# Instructions for the task
Please output exactly the part of the records below that opens with the line containing "Handmade leather biker" and closes with the line containing "Visit Proof |", both lines included, and nothing else.

[Data excerpts]
● ● ● ●
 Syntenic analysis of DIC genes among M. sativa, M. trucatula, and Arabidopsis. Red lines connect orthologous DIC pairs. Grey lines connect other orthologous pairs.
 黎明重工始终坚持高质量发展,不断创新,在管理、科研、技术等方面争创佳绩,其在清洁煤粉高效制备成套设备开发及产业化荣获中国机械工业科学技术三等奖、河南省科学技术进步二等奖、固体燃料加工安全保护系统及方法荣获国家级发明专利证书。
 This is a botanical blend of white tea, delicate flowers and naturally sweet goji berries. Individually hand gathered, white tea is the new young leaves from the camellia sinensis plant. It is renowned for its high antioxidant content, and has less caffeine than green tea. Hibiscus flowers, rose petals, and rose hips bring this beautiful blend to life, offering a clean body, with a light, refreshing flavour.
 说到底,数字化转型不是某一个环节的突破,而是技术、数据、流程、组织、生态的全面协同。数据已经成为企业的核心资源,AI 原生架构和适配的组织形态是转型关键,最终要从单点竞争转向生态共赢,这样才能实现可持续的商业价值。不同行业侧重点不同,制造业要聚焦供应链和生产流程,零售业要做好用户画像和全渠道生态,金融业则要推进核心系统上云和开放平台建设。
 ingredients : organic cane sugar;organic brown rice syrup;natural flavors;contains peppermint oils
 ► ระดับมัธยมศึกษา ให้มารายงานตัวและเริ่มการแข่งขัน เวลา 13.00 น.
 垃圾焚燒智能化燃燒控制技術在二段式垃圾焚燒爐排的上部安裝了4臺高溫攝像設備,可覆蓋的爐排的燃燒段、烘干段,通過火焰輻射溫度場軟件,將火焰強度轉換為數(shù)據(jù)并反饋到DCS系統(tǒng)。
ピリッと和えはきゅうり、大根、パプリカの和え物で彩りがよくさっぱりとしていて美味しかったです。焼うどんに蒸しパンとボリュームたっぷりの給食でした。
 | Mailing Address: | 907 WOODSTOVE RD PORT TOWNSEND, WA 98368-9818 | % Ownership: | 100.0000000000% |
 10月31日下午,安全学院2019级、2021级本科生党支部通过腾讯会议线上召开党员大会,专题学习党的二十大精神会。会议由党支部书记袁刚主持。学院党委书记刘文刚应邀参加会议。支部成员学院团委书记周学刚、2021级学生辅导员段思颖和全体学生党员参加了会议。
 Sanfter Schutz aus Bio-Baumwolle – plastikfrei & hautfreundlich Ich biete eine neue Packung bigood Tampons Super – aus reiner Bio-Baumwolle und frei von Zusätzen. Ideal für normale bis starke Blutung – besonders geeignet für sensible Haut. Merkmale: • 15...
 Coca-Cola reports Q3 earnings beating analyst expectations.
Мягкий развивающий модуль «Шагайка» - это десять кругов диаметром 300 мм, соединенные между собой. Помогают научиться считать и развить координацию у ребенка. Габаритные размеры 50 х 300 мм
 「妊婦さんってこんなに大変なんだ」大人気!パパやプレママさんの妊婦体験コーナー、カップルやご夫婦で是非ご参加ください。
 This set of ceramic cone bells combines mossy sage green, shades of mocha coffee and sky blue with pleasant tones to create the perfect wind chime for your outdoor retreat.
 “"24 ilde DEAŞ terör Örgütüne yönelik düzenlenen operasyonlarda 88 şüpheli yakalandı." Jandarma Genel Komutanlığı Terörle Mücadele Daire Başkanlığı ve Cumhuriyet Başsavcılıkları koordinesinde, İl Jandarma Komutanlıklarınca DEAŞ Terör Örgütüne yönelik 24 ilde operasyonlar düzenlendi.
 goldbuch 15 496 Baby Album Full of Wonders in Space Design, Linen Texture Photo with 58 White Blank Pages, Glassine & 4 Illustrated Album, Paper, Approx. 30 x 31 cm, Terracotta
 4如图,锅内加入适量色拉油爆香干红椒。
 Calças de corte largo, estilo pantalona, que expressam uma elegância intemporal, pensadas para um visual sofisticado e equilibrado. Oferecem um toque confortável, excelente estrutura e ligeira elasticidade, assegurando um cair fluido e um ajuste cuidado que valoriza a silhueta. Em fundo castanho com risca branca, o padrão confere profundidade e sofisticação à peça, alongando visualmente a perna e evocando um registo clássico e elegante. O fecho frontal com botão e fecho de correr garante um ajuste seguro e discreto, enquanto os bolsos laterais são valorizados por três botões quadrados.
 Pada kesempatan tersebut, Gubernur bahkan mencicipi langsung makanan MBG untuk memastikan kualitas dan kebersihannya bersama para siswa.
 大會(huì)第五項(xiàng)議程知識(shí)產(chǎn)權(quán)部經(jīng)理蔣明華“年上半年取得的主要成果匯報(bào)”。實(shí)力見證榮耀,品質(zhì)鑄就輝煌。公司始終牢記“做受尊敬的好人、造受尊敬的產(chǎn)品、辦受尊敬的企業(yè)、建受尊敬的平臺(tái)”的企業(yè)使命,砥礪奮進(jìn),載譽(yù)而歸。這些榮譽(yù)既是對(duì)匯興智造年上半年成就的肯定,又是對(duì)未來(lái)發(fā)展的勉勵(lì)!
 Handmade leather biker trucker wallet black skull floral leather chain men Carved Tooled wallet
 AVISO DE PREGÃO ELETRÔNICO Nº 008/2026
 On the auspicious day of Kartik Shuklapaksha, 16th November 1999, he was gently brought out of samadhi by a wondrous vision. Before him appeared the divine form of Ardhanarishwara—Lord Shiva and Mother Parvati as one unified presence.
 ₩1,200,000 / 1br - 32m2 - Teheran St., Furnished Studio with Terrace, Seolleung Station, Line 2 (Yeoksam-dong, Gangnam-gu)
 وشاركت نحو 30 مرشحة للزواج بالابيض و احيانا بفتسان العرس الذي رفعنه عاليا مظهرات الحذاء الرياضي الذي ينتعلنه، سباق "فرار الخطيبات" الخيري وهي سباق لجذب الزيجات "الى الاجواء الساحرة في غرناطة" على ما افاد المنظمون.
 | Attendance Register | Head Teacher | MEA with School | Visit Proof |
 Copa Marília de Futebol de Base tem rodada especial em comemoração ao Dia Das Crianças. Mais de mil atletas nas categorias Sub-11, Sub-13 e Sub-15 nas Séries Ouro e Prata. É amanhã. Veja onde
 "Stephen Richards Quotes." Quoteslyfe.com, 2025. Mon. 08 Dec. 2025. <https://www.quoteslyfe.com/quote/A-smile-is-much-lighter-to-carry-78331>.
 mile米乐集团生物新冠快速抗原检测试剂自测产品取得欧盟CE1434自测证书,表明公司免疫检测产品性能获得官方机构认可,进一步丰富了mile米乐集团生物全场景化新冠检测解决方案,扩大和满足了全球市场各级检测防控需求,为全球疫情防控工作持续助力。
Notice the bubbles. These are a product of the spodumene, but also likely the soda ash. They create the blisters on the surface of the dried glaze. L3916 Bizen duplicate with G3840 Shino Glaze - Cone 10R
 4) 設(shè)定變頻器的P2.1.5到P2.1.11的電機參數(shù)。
● ● ● ●
# Reply to the task
 Handmade leather biker trucker wallet black skull floral leather chain men Carved Tooled wallet
 AVISO DE PREGÃO ELETRÔNICO Nº 008/2026
 On the auspicious day of Kartik Shuklapaksha, 16th November 1999, he was gently brought out of samadhi by a wondrous vision. Before him appeared the divine form of Ardhanarishwara—Lord Shiva and Mother Parvati as one unified presence.
 ₩1,200,000 / 1br - 32m2 - Teheran St., Furnished Studio with Terrace, Seolleung Station, Line 2 (Yeoksam-dong, Gangnam-gu)
 وشاركت نحو 30 مرشحة للزواج بالابيض و احيانا بفتسان العرس الذي رفعنه عاليا مظهرات الحذاء الرياضي الذي ينتعلنه، سباق "فرار الخطيبات" الخيري وهي سباق لجذب الزيجات "الى الاجواء الساحرة في غرناطة" على ما افاد المنظمون.
 | Attendance Register | Head Teacher | MEA with School | Visit Proof |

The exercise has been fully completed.